While Dennis often finds it all too much – it’s an assault on the senses for mere non-magical mortals and most people are never the same after they encounter the Great When in all its maddening glory – he comes to know some of its less dangerous inhabitants who take him on a grand adventure which comes to change his life in all kinds of good and monumentally fundamental ways.

he [Dennis] is immediately somewhere else, amid skyscraper blossoms that have tender green stems bigger than the trunks of elms, and fragrance so thick he can cut it with a knife … behind, the doorway inconceivable is closed once more, leaving a blacker black between the redwood irises, an interruption of decanted starlight …

But not before he finds himself at the mercy of all kinds of strange forces in London’s occult underbelly, a place where a certain logics applies but not one which even eighteen-year-old aspiring writers can even reasonably grapple with and which defy anyone’s ability to make sense of it.

Though, thankfully, Dennis encounters kind souls on either side of the divide between the two Londons who help him make sense of what he is holding in his hand, what must be done with it, and how he can bring everything to some sort of decent and rational conclusion.

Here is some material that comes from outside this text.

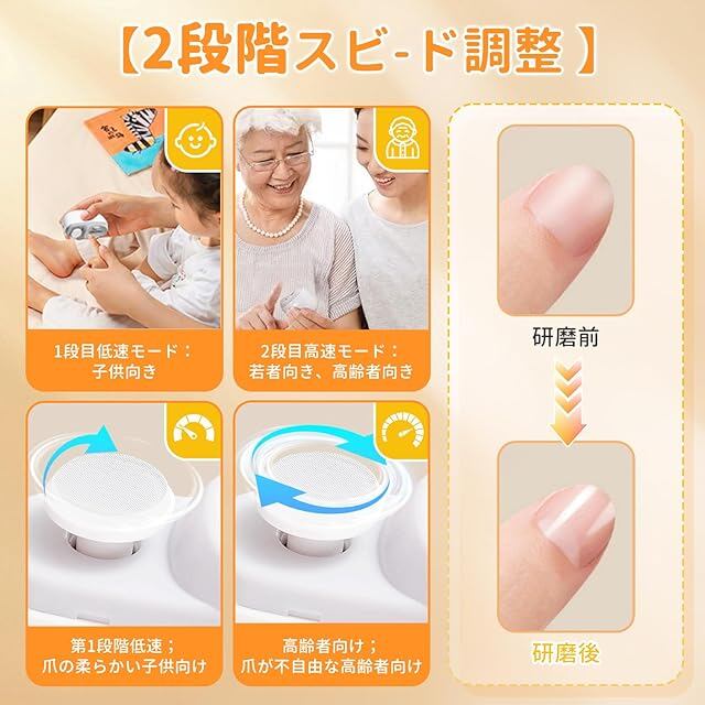 【2段階速度調節機能】爪切り 電動は2段階の速度調節が可能な爪切りです。電源ボタンを長押しでON/OFF操作、短く押すことで低速モードと高速モードを切り替えられ、ご利用シーンに応じた調節が可能です。お子様からご高齢の方まで安心してご使用いただけます。さらに安全ロック機能を搭載しており、爪磨きボタンと爪切りボタンを同時に2秒間長押しすると、数秒間動作が停止した後自動的に電源がオフになります。これにより、お子様が誤って操作してケガをしたり怖がったりするのを防ぎます。

Surging with imagination, passion, and a fervent love for the imaginatively rendered written word, The Great When is one of those books that consumes you utterly and which, as Moore no doubt envisaged, creates a reality so potent and believable that you will find yourself looking for hidden portals and strange doorways to realms which may exist in and under your own city or home region.

Exciting, adventurous, intense and full of vividly-realised characters both good and bad, and a lovely sense of found family and connectivity which is Dennis’s real gift from a riotously full-on adventure full of portentous fate, threats and possibility, The Great When (part of a planned series of novels) is a gloriously alive and vital read which will exercise your imagination, thrill your soul and maybe even get into your heart as you realise how much can change from the most unexpected of events.